女が受け入れて、男が貪りつく。そんな至極当たり前の行為であるが、女の目はなにかを気にしているのか、妙に冷めていた。
情事を見つめる目があった。。ファインダー越しに見つめる目は、その目は鋭く、そして冷めていた。
月曜の昼下がり、タマモは眠い目を擦りつつ書類と睨めっこをしていた。
消耗品の伝票整理である。計画は滞りなく進んでいる。だが表の顔の事務は少しだけ滞っていた。
「せ、先輩。とてつもなく眠いです」
「私もよ……部長なんて堂々と寝てるし」
二人は恨みがましい目で相原を睨んだ。
そこに、常務の平出が駆け込んできた。相原を叩き起こすと、袖を引っ張り外へと連れ出した。
「なんなの?いったい?」
先輩社員は相原がでていったドアを呆然とみていた。
「関係ないです私には……あ、ダメだ。眠気覚ましに顔洗ってきます」
タマモは立ち上がり、ふらふらとした足取りで部屋を出て行った。
廊下に出ると、頭をニ、三度振り、スッキリさせると相原の足音を追った。
会議室に二人は入ったようだ。タマモは隣の資料室に誰もいないのを確認すると、ドアを開けた。適当な資料を手に取り広げると、耳を澄ませ隣の音を聞き取った。

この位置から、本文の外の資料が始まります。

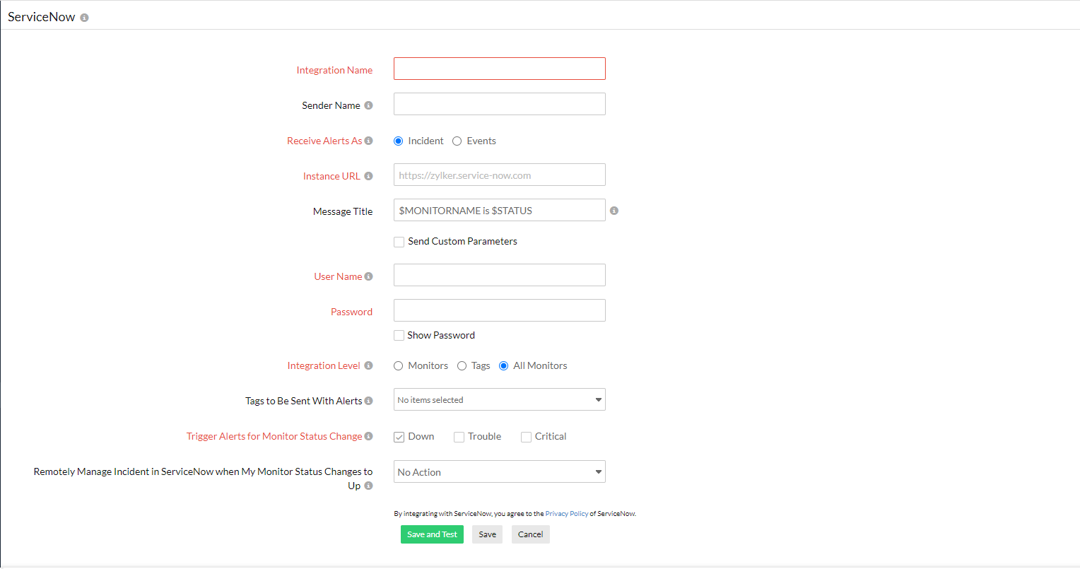 了解如何获取ServiceNow 实例的用户名和密码。 - 集成级别:您可以将告警作为 ServiceNow 事件从特定监视器、与选定标签关联的所有监视器/监视器组或您帐户中的所有监视器发布。默认情况下,它设置为“所有监视器”。因此,它转化为全球集成,您的 Site24x7 帐户中的所有告警都被推送到 ServiceNow。

「お待たせしました。私は常務の平出で、こっちは総務部長の相原です」
「ご本人はどうされましたか?」
聞き慣れた平出の声。もう一人、来客の声。だがこの声には聞き覚えがある。
「外松は生憎外出中でして、かわりに私どもが」
「そいつは残念だ……ご本人がいらっしゃる方が話は早かったんだが、不在とあれば仕方ない」
なにかを物をテーブルの上に放った。
「いかがなものでしょうな。幸せなご家庭もお持ちで、社会的地位もあるお方が人の女房に手をつけるというのは」
「いや、これは……しかし君ねぇ」
平出と相原がぶつぶつと呟いている。
「なんならDVDもございますし、次の株主総会の時に会場に流しましょうか?」
ダメ押しとなったようだ、平井に囁かれると相原は退出した。
「どうなさいましたか?」
「いや、暫くお待ちを……」
平出は落ち着きがないようだ。ガタガタと貧乏揺すりの音が聞こえる。相原の靴音が聞こえる。ドアが開いた。
「お待たせしました。これを」
「なんですか、これは?」
「これで御内密に」
なにかを開ける音。どうやら封筒のようだ。
「舐めてんじゃねぇぞ、チンピラ!」
怒鳴り声の後に放るというより、投げ捨てる音。まぁまぁの重さのようだ。暴力を生業にするものにとっては有触れた手ではあるが、温室育ちの家畜には効果があったようだ。ビクついてイスをガタつかせる音が聞こえた。
「失礼……あなた方なにか勘違いをなさっておられませんか? 私は唐巣先生のところでお世話になっているものですよ」
「か、唐巣先生の……」
「宜しい。唐巣先生に、この件は報告することにしましょう」
イスから立ち上がる音。どたばたと足音が聞こえる。どうやら引きとめようとしているようだ。
「少し時間を。もう少し時間をください」
音が止まる。
「いいでしょう。明日また連絡しますので、その時には外松さんと直接お話ができるようにしてもらいたいものですな」
「はい、必ず」
「何卒、唐巣先生には御内密に」
ドアを開ける音。
タマモはドアの側にいって、鼻を動かした。
「間違いない……あの暴力バカ、少しは頭使うようになったじゃないの」
平出と相原の足音が遠ざかると、資料室から出て廊下の窓から外を歩く人物に目を向けた。